THE ORGANISATION FOR ECONOMIC Co-operation and Development (OECD) biennial study on comparing wireless markets should be viewed for what it is: a limited analysis comparing four wireless plans in Canada with other OECD nations, says a new report from Nordicity.
The report, International Wireless Market Comparison, prepared for Telus, argues that OECD analyses are suspect because they only compare advertised prices. Instead, it says, a full understanding requires a look not only at price but other important factors.
“Cost should only be considered as part of an international wireless comparison – rather than the definitive factor,” states Nordicity, noting that elements such as cost trends, geographic challenges, competitive market structure, and the penetration of other telecom services have to be taken into account.
The report was done based on preliminary numbers released by the OECD last November. The final report is expected to be released this week.
Kurt Eby, a manager at Nordicity and author of the report, tells Cartt.ca in an interview that the report “should be viewed with respect to its limitations.”
When the OECD reports its final figures and it mentions Canada, “it’s actually referring to a couple of Rogers’ plans and a couple of Bell plans and that’s it,” he adds. “[People] read it and they think it’s something that’s comprehensive and I think it’s something you can argue that it’s not.”
Nordicity points out in its research that comparing wireless service prices without consideration of the penetration rate in each nation – many European nations have penetration rates that surpass 100% while Canada does not – doesn’t provide an accurate picture of Canadian wireless prices versus those in other OECD nations. For example, Finland has a penetration rate of 197%, which means that virtually all wireless subscribers have two plans. When penetration is factored in the average wireless price in Finland is $42.16 not the $21.37 as previously reported by the OECD.

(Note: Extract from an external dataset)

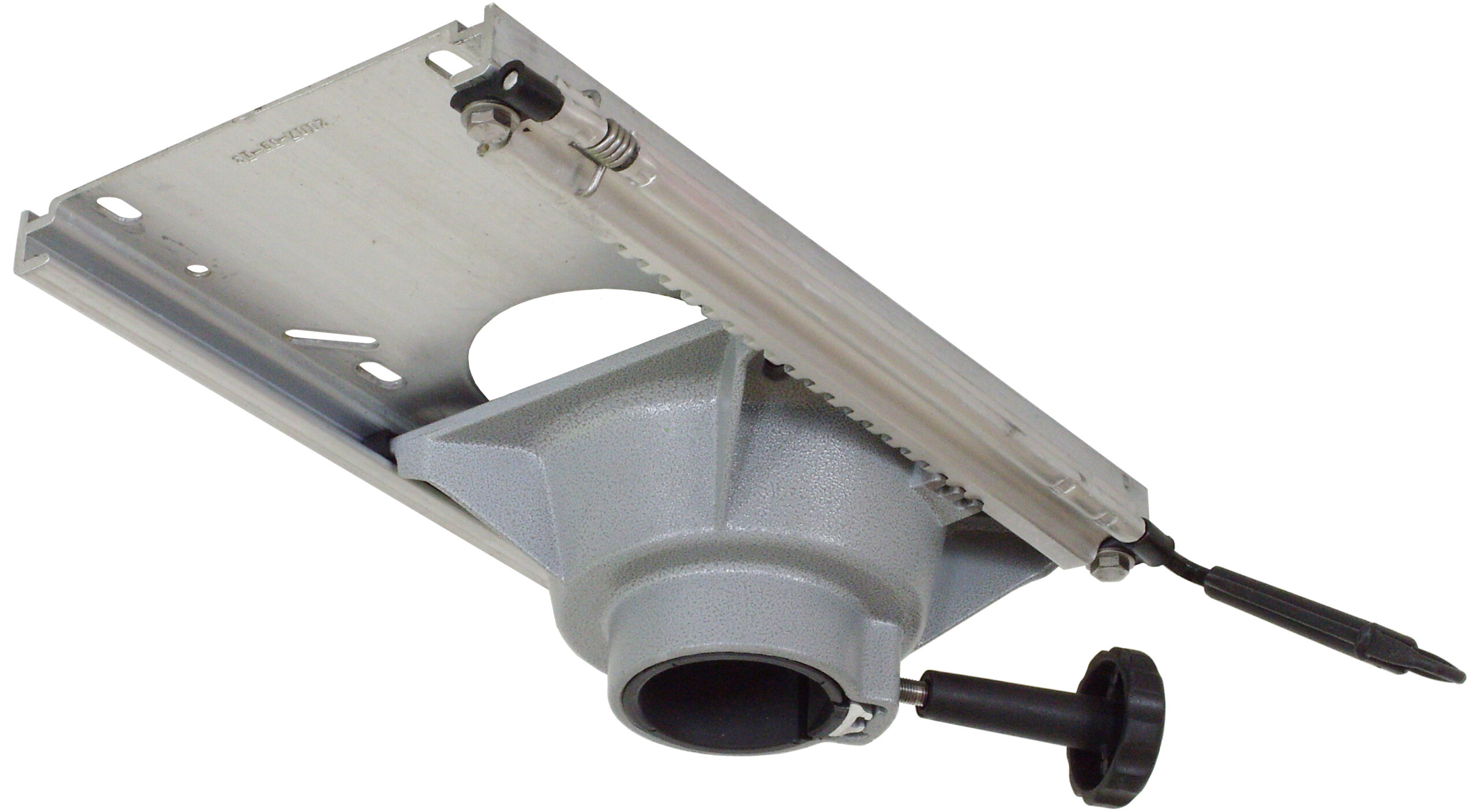 Large 7-1/4″ x 13″ high-strength anodized aluminum platform travels 5-1/4″ fore and aft on self-lubricating pads. Rotates 360°. Centrally located locking handle that is easily reachable with left or right hand. Adds 1-1/4″ of height to pedestal.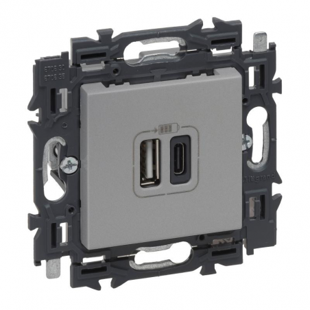 Marque: LegrandRéférence CME: LG741636EAN: 3414971277175Description: Valena Next prise USB double type A+C appareil complet alu à griffes

“When calculated on a straight per-subscription basis, Canada is misrepresented as having the highest per-subscriber wireless cost in the OECD. In fact, without considering penetration rates, Canada’s wireless costs are represented as being more than $16 greater (65%) than the OECD average. Of course, such a conclusion is erroneous and must assume that literally millions of wireless plans worldwide are going unpaid,” states the report.
Eby says that factoring in the penetration rates creates an apples-to-apples comparison that looks at subscribers rather than subscriptions. If a subscriber has multiple subscriptions, then the aggregate of those plans should be used not the cost of a single plan, he argues.
“It has to be calculated in terms of what does each individual person pay, otherwise it’s not a relevant comparison,” he told Cartt.ca.
Another key metric left out of the OECD’s analysis is comparing wireless costs with average per-capita income. The report says that when taking income into consideration, Canada fairs well against the other OECD nations.
“While Canada has the seventh highest per capita income of the 27 profiled countries – thus, relatively high capital and operating expenses – it has below-average wireless voice and total wireless (voice and data) service revenues as a percentage of per capita income. In fact, Canada has the 11th-lowest total wireless costs as a percentage of per capita income in the OECD, 12% below the international average,” highlights Nordicity.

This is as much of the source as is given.